In 1987, Husqvarna sold the motorcycle division to Italian motorcycle manufacturer Cagiva. By 1989 Husqvarna had stopped making many of its other products like sewing machines and microwaves and turned to primarily making forestry and gardening equipment. Husqvarna first started making chainsaws in 1959 and had already been one of the most popular chainsaw manufactures in the logging industry when they made the transition making it logical to focus their company in this area.

==Military firearms==
- Gevär modell 1867
- Pistol m/07
- Pistol m/40
- Kulsprutepistol m/37
- Kulsprutepistol m/39
- Gevär (Mauser rifle) m/38, m/96
- Automatkarbin 4
- Maskinpistol M/49 (for the Danish Army)
- M1907 .38 caliber self-loading, semiautomatic service pistol

==Civilian firearms==
Husqvarna made numerous types and models of break action shotguns.
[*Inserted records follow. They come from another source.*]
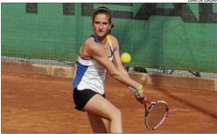
DIARI DE GIROAN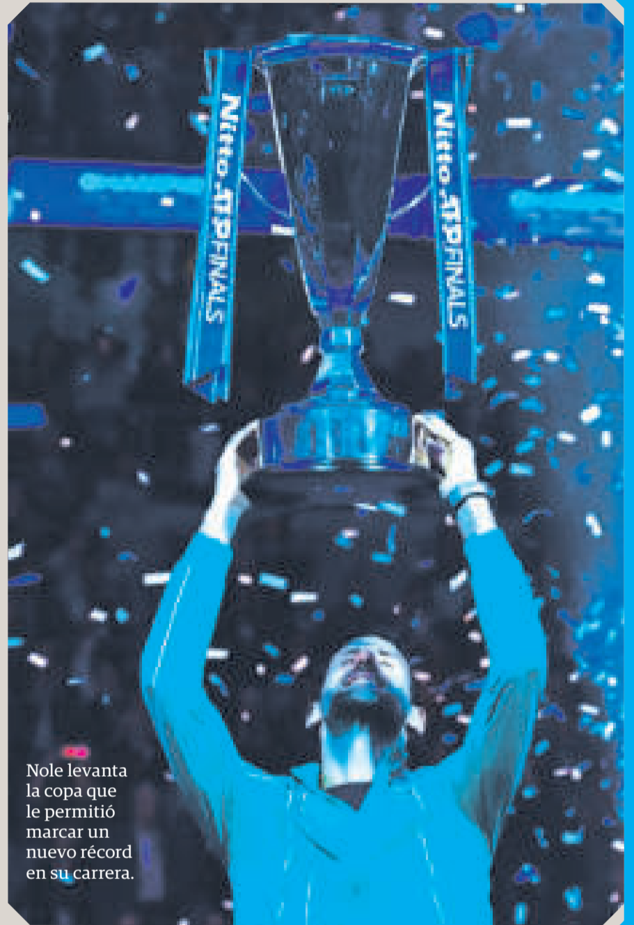
Nole levanta la copa que le permitió marcar un nuevo récord en su carrera.

El italiano reaccionó en el segundo parcial y encendió nuevamente a los fanáticos, que habían quedado en silencio por la potencia del serbio, resistiendo dos bolas de quiebre en un séptimo juego que se alargó 15 minutos y que dejó el parcial 4-3. Sin embargo, el joven no pudo detener mucho más a Nole Djokovic y en su siguiente servicio perdió el partido tras una doble falta.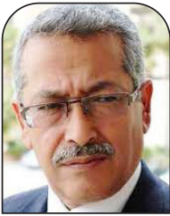
حمي الأسمر العربي الجديد

حين تنتصر «دولة» على فرد أو أفراد فهذا طبيعي، أما حين «ينتصر» فرد على دولة فتلك هي المعجزة، وقد حقق الستة معجزتهم، وأعادوا وضع قضية الأسرى التي كثيراً ما تُنسَى على رأس الأولويات الفلسطينية، وتمكّنوا من وضعها في مقبيل كل نشرات الأخبار، وأصبحت الشغل الشاغل لمنصّات التواصل الاجتماعي.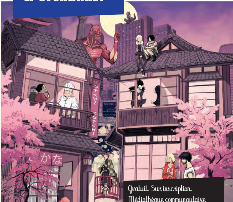
Illustration : Vanyda & Nicolas Hitori de

Gratuit. Sur inscription. Médiathèque communautaire d'Escaudain. 03.27.14.29.00.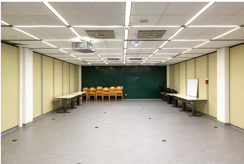
Blick vom Eingang, Tische Stühle, Whiteboard

Der Raum hat kein Tageslicht, jedoch ist durch die großzügige Deckenbeleuchtung ein angenehmes Arbeitssetting gegeben. Eine Aufhängung für einen Beamer ist vorhanden.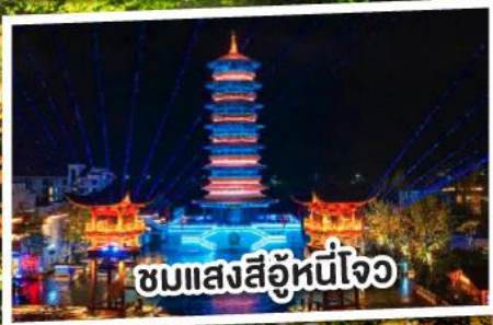
ชมแสงสีอุโมงค์ใจ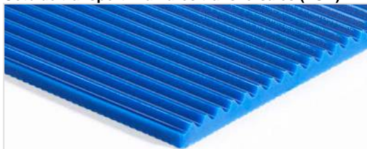
Côté de transport: Rainures transversales (TGA)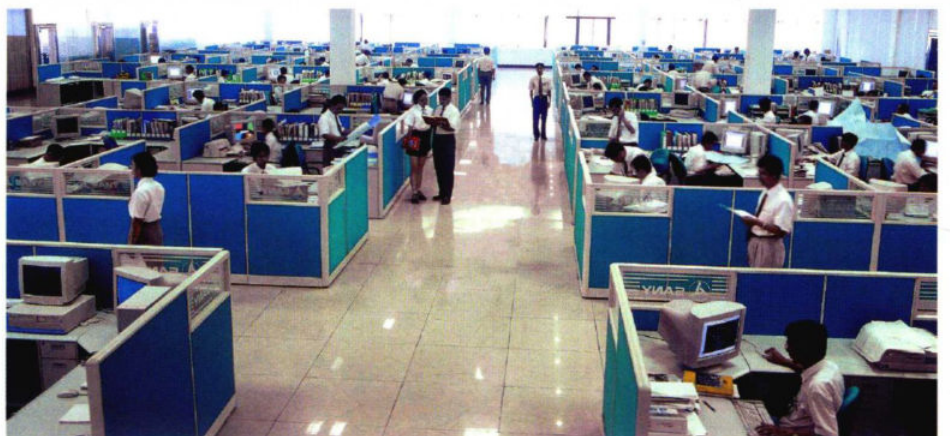
三一重工技术中心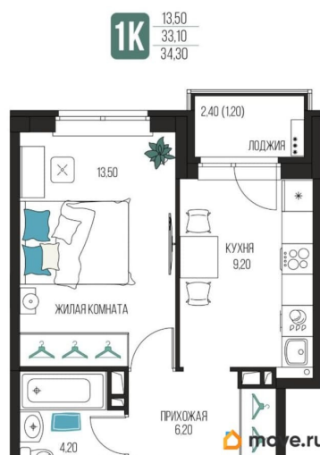
Подъезд 3. Этаж 2-4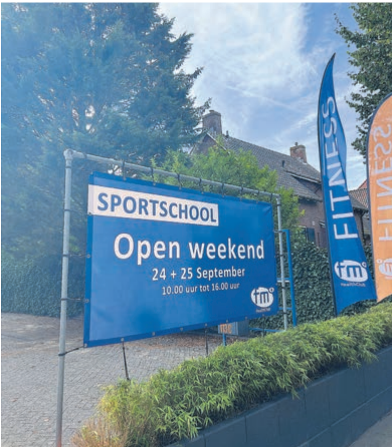
Open weekend bij FM Health.

The first medium caliber bolt-action rifles used the same action as the Swedish Army's Mauser m/96. This type was manufactured from 1927 to 1942 circa, known as the Model 46 and mostly chambered in 6.5×55mm, 9.3×57mm and 9.3×62mm
from early 1939 Husqvarna started purchasing Mauser M98 actions from the Belgian company FN, labeling the rifles Model 146, 246 and 640. Though the M98 was a strong and well proven action, it was not an ideal situation for Husqvarna to be depending on one of its worst competitors for such a key component.
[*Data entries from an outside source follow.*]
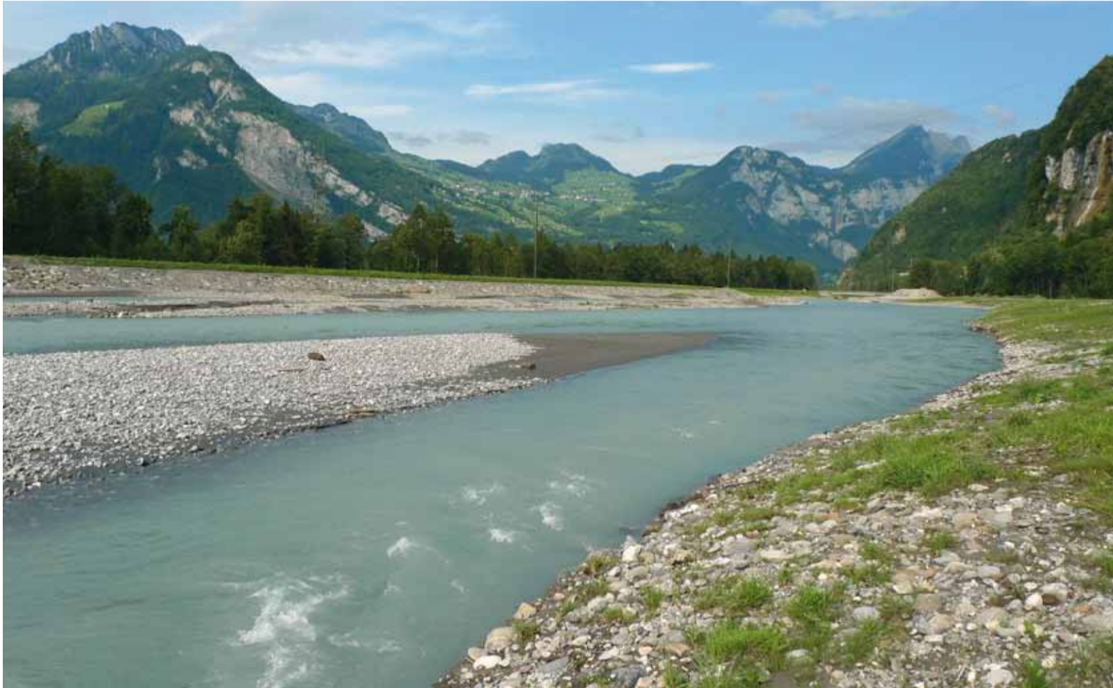
Der sanierte und renaturierte Escherkanal im Chli Gäsitschachen.

Halbzeit für das Projekt «Hochwasserschutz Linth 2000»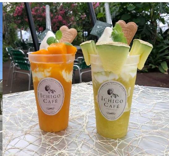
写真 左：西島園芸団地 右：スムージー（西島園芸団地）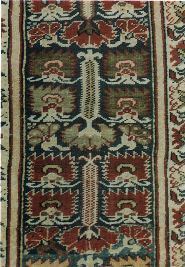
Resim/Picture 19 Resim 8'den ayrıntı. Detail of from Picture 8.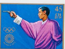
འབྲུག་ འབྲུག་ འབྲུག་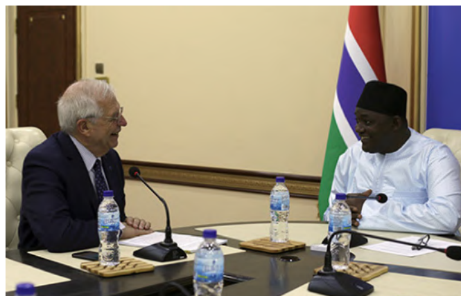
El entonces ministro Borrell fue recibido en Banjul por el presidente de Gambia, Adama Barrow.

Las relaciones políticas bilaterales con Gambia son correctas y no han sido demasiado intensas hasta fechas muy recientes. A partir de la crisis migratoria del 2006 se inició una serie de visitas de alto nivel, entre ellas la primera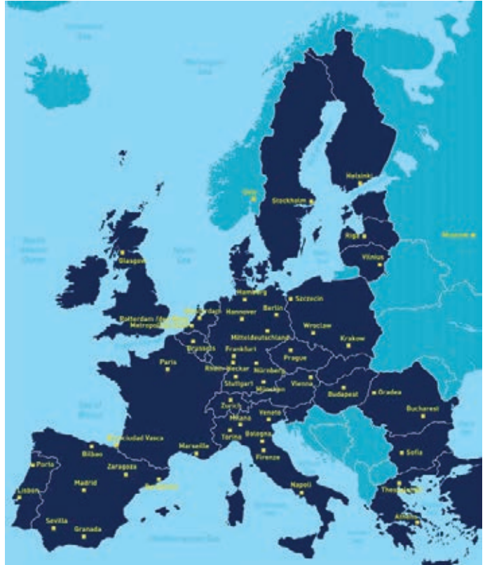
METREX üyesi şehirler

Avusturya (Viyana); Belçika (Brüksel); Bulgaristan (Sofya); Çek Cumhuriyeti (Prag); Danimarka (Kopenhag); Finlandiya (Helsinki); Fransa (Paris, Marsilya); Almanya (Berlin, Bonn, Frankfurt, Hamburg, Hannover, Mitteldeutschland, Münih, Nurnberg, Rhein-Neckar, Stuttgart); Yunanistan (Atina, Selanik); Macaristan (Budapeşte); İtalya (Bolonya, Genova, Milano, Napoli, Roma, Torino, Venedik); Hollanda (Amsterdam, Rotterdam); Polonya (Krakow, Szczecin, Wroclaw); Portekiz (Lizbon, Porto); Romanya (Oradea, Bükreş); Rusya (Moskova, NP Cities Globally United); İspanya (Barselona, Bilbao, Eurocity Bascue, Granada, Madrid, Sevilla, Zaragoza); İsviçre (Zürih); İngiltere (Glasgow, Londra, South Coast Metropole)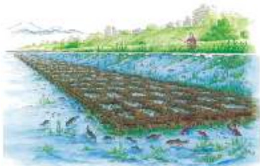
図1 粗朶沈床の構造と沈設後の水中イメージ※

粗朶沈床(図1)は、広葉樹の枝を束ねて格子状に組み、石を投じて水面下に沈め、河床の根固めなどに利用するものです。全体の構造が柔軟性に富むことから、沈設後の河床変動にも追従し、河床を常に覆い固めることが可能です。また、自然の素材を用いるため、長期的にみても環境を汚染する心配がありません。さらに、その多孔性により、魚などの水生生物の生息環境の創造が期待される工法です。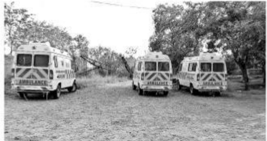
సూర్యాపేట జిల్లా కోదాడలో ప్రయాణికులను తరలిస్తూ పట్టుబట్టడం అమలెస్తులు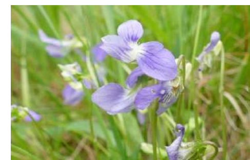
hochwüchsige Veilchen-Arten* ( Viola stagnina , V. elatior , V. pumila , V. canina , V. riviniana )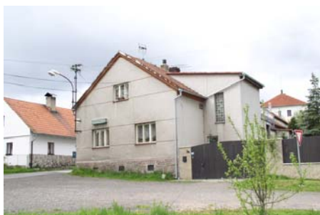
Hospoda U Fialů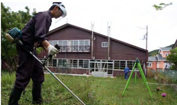
光の園幼稚園の広場の草刈りを行うメンバー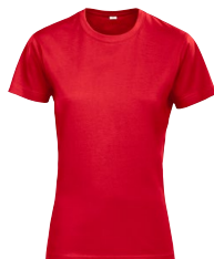
ROCK T LADY 150375 Page 10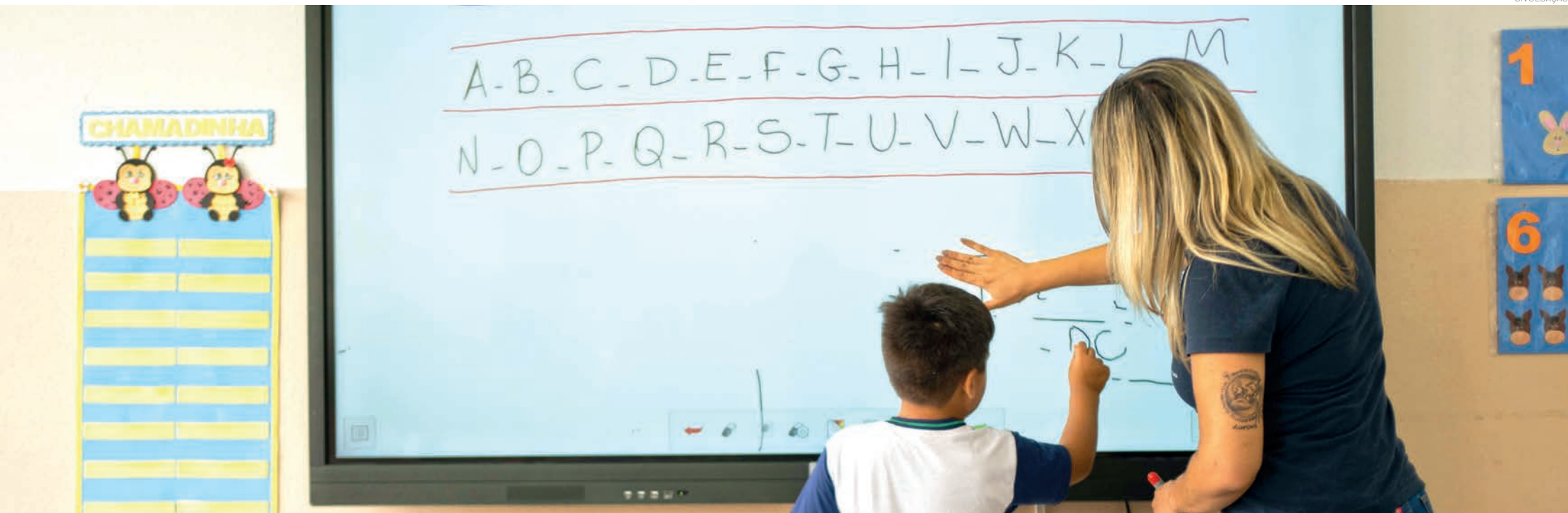
Pindamonhangaba posiciona-se entre os 20 municípios do Vale do Paraíba que alcançaram o padrão nacional de alfabetização - Indicador Criança Alfabetizada (ICA)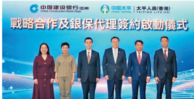
●中國建設銀行(亞洲)與中國太平人壽保險(香港)戰略合作協定及銀保代理協定簽署啟動儀式現場。

新增客戶按年升85%,當中100萬港元以上的高淨值客戶按年更升1.43倍,本地客比訪港內地客佔比稍高,因高息環境下定存具競爭力,而財富管理服務亦受歡迎。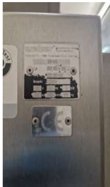
Sl./in.br. 142- Weber 305-433: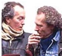
Jean-Pierre et Luc Dardenne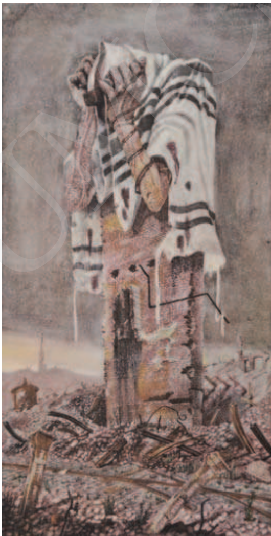
Ilustracja 4. Bronisław Wojciech Linke, El mole rachmim , 1946, z cyklu Kamienie krzyczą .

dookoła ręki, zrozpaczony, modlący się Żyd, jest owym „krzyczącym kamieniem” – fragmentem zrujnowanego domu, w pogorzelisku pogiętych tramwajowych szyn, w ruinach getta. Szczątki kamienicy przyjęły ludzkie kształty. Spersonifikowana budowla to wizerunek nie tylko zrujnowanej stolicy; w obliczu wielkich strat jest także sygnałem, że nie wszystko zostało utracone. Pozostał człowiek. Obraz Linkego, reprodukowany w licznych publikacjach poświęconych holocaustowi, można odczytać wielorako: jako hołd dla poległych, upamiętnienie ludzkich tragedii, głos lamentu, wreszcie bogaty w treści, metaforyczny komentarz autorski.

An independent bolt action design was introduced in 1953 as the 1600-series, which was available in several European and American chamberings, including 9.3×62mm, .270 Winchester, .30-06 Springfield; 7.92×57mm Mauser, 6.5×55mm Swedish, and others. It was a small ring Mauser-like design advertised as the "HVA Improved Mauser Action". They also produced a Mauser-style rifle chambered in the popular American big game cartridge 7mm Remington Magnum with the model number H-5000. In 1969 they discontinued the HVA action in favor of a cheaper to produce push feed design, called the 8000.
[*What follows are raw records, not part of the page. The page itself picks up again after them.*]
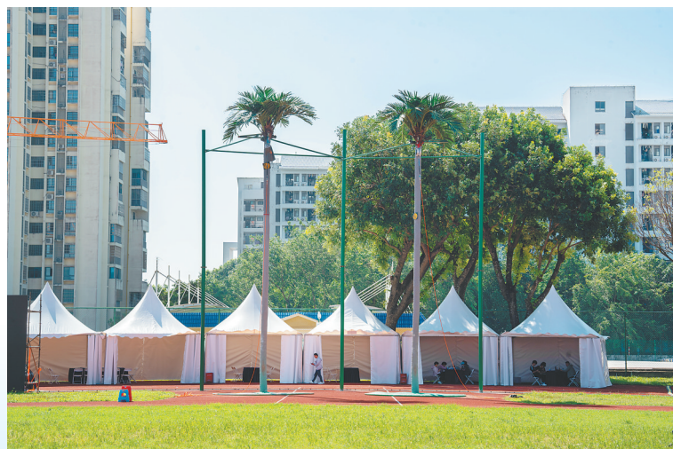
攀椰竞速项目场地、西南大学三亚中学体育场位于三亚市吉阳区抱坡岭，场地长105米，宽70米，为标准体育场，坐席数800座。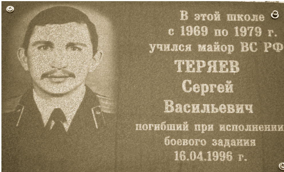
Мемориальная доска на школе № 35 в г. Полысаево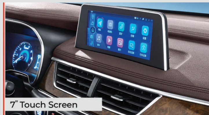
7" Touch Screen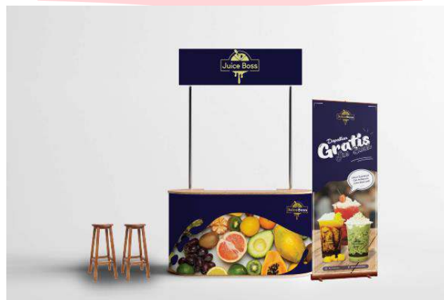
Gambar 4 Design booth

Media action yang akan digunakan adalah booth , yang akan ditempatkan di dekat Idachi Fitness Metro Indah Mall di lantai 2. Booth ini sebagai bentuk pengenalan kepada masyarakat kota Bandung terutama daerah Margahayu, karena toko Juice Boss yang kurang strategis dan jauh dari keramaian kota. Adapun banner yang dipasang disamping booth sebagai bentuk attention kepada target audiens.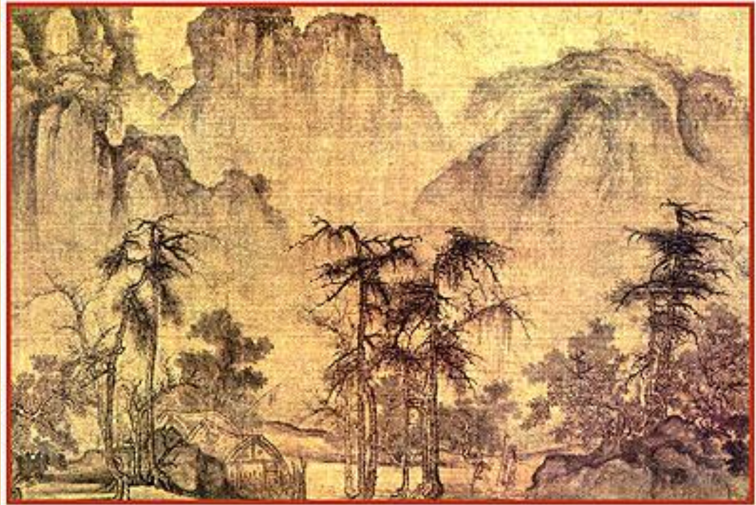
ГО СИ ОСЕНЬ В ДОЛИНЕ ЖЕЛТОЙ РЕКИ

Одним из высших достижений древнекитайского искусства является живопись, в особенности живопись на свитке. Китайская картина-свиток - это совершенно новый вид искусства, созданный специально для созерцания. Основными жанрами живописи на свитке были исторический и бытовой портрет, портрет, связанный с заупокойным культом, пейзаж, жанр «птицы и цветы».

With the army order for the Ak 4 the company was able to find the funding to re-tool the workshop to produce a newly developed bolt action, marketed in 1967 as the 1900-series, in addition to previously mentioned calibers it was later chambered in other popular hunting calibers including the .22-250 Remington, .243 Winchester and .300 Winchester Magnum. It continued to be manufactured by Förenade Fabriksverken (FFV) well into the 1980s.

Husqvarna also built a limited number of an elegant double rifle in caliber 9.3x74R, the model 410.